§ What you are asked to do: In the material below, begin at the line that has "Die Gamma-Kurve sieht", stop after the line that has "대전아트필하모닉오케스트라(이하‘대전아트필’)가 2월 3일(화)", and transcribe those lines exactly, without pictures.

§ Provided records:

+ + + + + + +

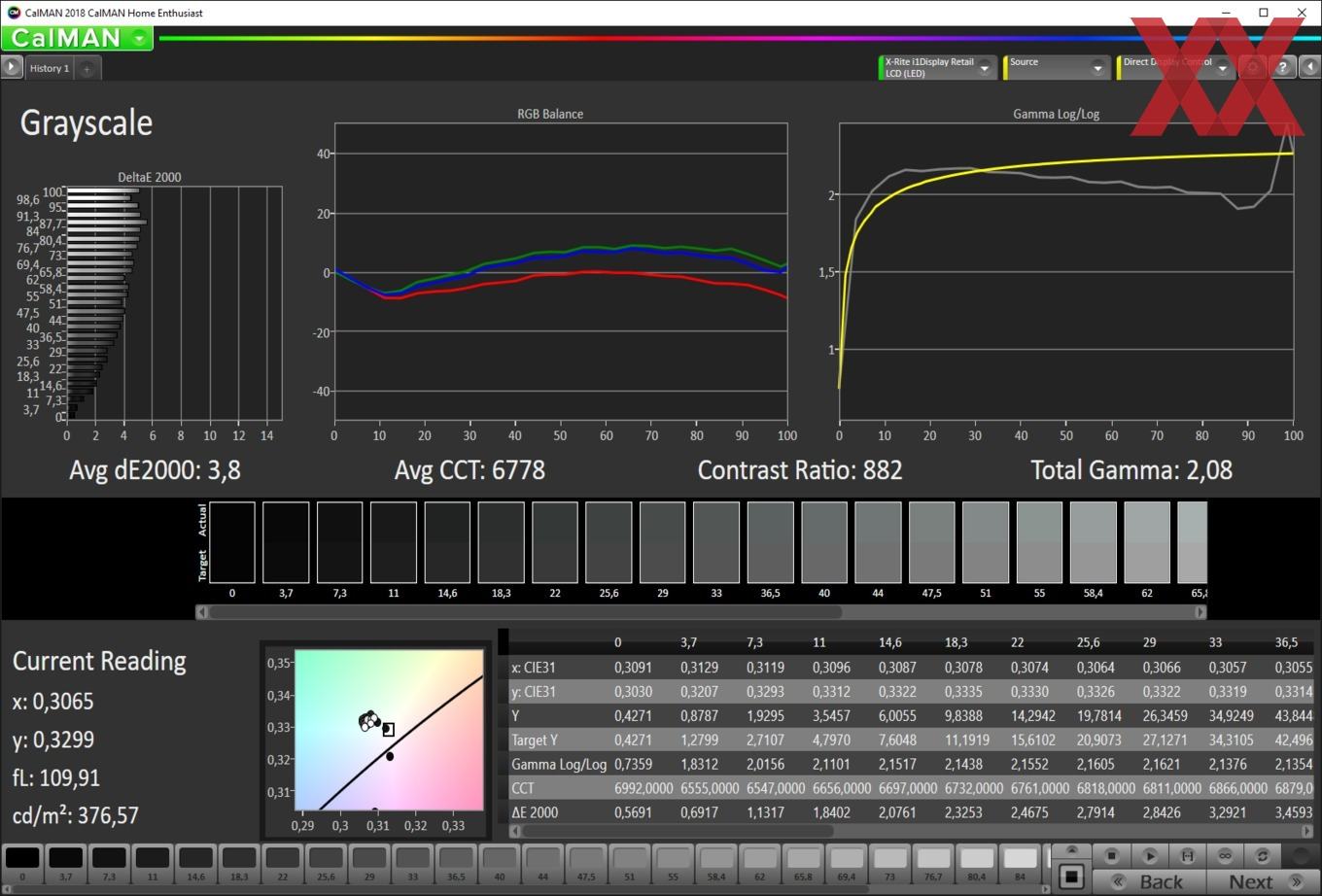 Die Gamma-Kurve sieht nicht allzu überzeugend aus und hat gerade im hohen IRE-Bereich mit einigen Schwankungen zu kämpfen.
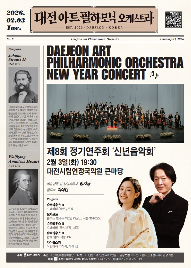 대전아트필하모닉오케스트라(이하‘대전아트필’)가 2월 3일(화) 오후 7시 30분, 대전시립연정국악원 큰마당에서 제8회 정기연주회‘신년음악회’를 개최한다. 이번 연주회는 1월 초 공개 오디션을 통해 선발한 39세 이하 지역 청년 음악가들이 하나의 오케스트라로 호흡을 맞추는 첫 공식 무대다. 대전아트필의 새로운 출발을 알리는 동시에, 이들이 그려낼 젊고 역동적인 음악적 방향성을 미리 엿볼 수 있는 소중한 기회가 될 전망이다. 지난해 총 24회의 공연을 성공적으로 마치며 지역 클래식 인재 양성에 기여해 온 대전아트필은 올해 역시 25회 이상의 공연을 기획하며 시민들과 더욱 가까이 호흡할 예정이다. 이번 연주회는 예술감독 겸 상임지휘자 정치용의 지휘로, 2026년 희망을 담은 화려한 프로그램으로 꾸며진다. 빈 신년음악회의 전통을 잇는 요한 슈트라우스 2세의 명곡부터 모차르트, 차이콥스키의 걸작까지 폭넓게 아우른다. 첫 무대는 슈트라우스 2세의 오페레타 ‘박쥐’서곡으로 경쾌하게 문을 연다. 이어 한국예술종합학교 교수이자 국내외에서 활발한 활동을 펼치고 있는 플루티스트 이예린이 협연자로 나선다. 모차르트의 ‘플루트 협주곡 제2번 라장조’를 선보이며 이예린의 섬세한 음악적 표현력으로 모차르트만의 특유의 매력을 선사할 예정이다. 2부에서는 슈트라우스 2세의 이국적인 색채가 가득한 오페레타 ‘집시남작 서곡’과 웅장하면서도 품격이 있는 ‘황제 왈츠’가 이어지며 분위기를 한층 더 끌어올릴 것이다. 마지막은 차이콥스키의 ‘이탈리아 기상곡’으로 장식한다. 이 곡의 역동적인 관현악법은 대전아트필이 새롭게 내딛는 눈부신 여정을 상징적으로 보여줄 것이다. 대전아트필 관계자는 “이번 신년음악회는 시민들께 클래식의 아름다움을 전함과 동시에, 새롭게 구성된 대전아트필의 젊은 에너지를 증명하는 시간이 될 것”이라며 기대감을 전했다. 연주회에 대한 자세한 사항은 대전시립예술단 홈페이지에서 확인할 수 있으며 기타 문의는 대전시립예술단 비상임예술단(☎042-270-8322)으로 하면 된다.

+ + + + + + +

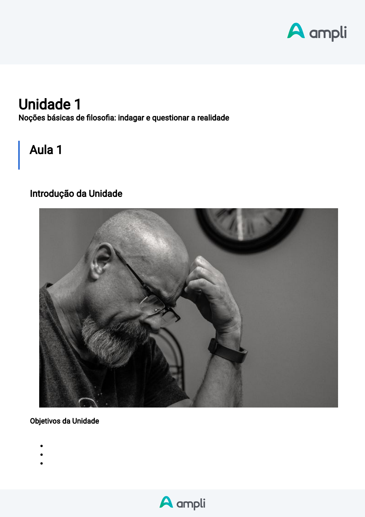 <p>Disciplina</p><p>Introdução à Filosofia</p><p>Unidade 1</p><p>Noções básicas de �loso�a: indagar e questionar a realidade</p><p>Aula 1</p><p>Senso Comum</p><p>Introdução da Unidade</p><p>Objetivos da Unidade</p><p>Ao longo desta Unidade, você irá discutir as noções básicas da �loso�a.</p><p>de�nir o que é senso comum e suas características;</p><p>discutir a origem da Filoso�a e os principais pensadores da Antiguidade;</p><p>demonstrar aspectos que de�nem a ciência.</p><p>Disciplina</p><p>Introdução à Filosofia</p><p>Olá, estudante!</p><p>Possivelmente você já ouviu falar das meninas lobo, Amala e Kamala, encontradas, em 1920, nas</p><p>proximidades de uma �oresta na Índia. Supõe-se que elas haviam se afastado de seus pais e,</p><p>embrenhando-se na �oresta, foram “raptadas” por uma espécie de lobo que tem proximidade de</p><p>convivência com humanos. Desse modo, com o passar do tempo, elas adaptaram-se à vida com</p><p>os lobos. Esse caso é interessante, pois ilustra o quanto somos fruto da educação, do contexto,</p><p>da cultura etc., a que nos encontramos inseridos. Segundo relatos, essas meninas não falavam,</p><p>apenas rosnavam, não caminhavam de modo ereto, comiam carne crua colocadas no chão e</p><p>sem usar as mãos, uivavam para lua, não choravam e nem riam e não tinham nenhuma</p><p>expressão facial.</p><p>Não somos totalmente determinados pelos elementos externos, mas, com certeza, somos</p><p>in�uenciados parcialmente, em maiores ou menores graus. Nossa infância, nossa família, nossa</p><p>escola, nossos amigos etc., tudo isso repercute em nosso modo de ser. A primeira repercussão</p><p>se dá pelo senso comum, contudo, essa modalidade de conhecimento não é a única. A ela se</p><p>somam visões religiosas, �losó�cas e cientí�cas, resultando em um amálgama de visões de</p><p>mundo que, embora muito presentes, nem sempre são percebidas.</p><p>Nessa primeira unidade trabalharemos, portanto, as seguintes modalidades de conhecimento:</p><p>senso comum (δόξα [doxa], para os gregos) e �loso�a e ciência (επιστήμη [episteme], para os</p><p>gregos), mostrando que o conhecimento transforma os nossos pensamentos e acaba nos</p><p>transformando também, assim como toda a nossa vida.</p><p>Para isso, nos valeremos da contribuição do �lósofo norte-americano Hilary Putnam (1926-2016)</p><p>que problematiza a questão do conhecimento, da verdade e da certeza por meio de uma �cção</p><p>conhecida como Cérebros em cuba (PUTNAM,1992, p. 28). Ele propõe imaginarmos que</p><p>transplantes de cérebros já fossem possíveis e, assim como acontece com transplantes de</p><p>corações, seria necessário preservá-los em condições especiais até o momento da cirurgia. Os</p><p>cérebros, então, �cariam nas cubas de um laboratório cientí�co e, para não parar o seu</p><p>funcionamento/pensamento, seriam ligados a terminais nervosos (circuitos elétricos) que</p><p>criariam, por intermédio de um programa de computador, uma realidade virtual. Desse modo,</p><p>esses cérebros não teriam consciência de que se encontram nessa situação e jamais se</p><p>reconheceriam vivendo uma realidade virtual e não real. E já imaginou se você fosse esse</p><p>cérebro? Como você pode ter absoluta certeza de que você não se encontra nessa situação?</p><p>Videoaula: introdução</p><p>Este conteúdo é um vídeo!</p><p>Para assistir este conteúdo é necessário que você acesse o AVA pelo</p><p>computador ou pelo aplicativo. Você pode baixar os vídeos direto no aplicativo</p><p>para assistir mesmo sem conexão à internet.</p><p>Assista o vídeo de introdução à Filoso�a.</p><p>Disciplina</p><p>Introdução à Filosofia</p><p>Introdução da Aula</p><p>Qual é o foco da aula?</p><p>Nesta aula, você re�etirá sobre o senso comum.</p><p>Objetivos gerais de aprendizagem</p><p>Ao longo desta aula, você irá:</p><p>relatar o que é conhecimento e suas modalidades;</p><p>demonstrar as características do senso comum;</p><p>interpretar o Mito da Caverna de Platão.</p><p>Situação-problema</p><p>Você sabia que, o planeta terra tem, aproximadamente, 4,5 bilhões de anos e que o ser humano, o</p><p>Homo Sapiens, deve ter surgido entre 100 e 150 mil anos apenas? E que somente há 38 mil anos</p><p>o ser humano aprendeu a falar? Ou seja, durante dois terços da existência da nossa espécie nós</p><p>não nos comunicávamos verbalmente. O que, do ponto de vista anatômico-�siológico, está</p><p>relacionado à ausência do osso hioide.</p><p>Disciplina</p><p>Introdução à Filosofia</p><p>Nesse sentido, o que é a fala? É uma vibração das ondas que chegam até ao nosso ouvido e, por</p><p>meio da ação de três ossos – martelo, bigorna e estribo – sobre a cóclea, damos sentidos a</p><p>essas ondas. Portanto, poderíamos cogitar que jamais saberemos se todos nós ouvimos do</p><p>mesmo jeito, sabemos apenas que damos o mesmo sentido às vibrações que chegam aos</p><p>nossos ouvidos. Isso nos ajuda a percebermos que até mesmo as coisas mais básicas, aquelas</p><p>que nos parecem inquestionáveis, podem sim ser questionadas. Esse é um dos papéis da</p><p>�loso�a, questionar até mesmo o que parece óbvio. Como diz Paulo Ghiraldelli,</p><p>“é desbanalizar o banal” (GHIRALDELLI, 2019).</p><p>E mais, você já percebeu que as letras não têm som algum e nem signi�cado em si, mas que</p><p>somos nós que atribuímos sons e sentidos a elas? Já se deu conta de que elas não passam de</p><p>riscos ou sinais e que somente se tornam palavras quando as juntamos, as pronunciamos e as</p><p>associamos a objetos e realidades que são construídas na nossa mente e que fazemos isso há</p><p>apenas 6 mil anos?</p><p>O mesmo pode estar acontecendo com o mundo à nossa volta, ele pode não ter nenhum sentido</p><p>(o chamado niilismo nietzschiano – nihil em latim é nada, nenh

+ + + + + + +

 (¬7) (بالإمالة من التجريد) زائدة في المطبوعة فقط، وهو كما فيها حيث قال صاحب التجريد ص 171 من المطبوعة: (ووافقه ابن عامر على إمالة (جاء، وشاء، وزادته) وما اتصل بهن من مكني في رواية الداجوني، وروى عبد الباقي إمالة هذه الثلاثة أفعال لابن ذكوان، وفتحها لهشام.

+ + + + + + +

§ Answer to this task:
 Die Gamma-Kurve sieht nicht allzu überzeugend aus und hat gerade im hohen IRE-Bereich mit einigen Schwankungen zu kämpfen.
 대전아트필하모닉오케스트라(이하‘대전아트필’)가 2월 3일(화) 오후 7시 30분, 대전시립연정국악원 큰마당에서 제8회 정기연주회‘신년음악회’를 개최한다. 이번 연주회는 1월 초 공개 오디션을 통해 선발한 39세 이하 지역 청년 음악가들이 하나의 오케스트라로 호흡을 맞추는 첫 공식 무대다. 대전아트필의 새로운 출발을 알리는 동시에, 이들이 그려낼 젊고 역동적인 음악적 방향성을 미리 엿볼 수 있는 소중한 기회가 될 전망이다. 지난해 총 24회의 공연을 성공적으로 마치며 지역 클래식 인재 양성에 기여해 온 대전아트필은 올해 역시 25회 이상의 공연을 기획하며 시민들과 더욱 가까이 호흡할 예정이다. 이번 연주회는 예술감독 겸 상임지휘자 정치용의 지휘로, 2026년 희망을 담은 화려한 프로그램으로 꾸며진다. 빈 신년음악회의 전통을 잇는 요한 슈트라우스 2세의 명곡부터 모차르트, 차이콥스키의 걸작까지 폭넓게 아우른다. 첫 무대는 슈트라우스 2세의 오페레타 ‘박쥐’서곡으로 경쾌하게 문을 연다. 이어 한국예술종합학교 교수이자 국내외에서 활발한 활동을 펼치고 있는 플루티스트 이예린이 협연자로 나선다. 모차르트의 ‘플루트 협주곡 제2번 라장조’를 선보이며 이예린의 섬세한 음악적 표현력으로 모차르트만의 특유의 매력을 선사할 예정이다. 2부에서는 슈트라우스 2세의 이국적인 색채가 가득한 오페레타 ‘집시남작 서곡’과 웅장하면서도 품격이 있는 ‘황제 왈츠’가 이어지며 분위기를 한층 더 끌어올릴 것이다. 마지막은 차이콥스키의 ‘이탈리아 기상곡’으로 장식한다. 이 곡의 역동적인 관현악법은 대전아트필이 새롭게 내딛는 눈부신 여정을 상징적으로 보여줄 것이다. 대전아트필 관계자는 “이번 신년음악회는 시민들께 클래식의 아름다움을 전함과 동시에, 새롭게 구성된 대전아트필의 젊은 에너지를 증명하는 시간이 될 것”이라며 기대감을 전했다. 연주회에 대한 자세한 사항은 대전시립예술단 홈페이지에서 확인할 수 있으며 기타 문의는 대전시립예술단 비상임예술단(☎042-270-8322)으로 하면 된다.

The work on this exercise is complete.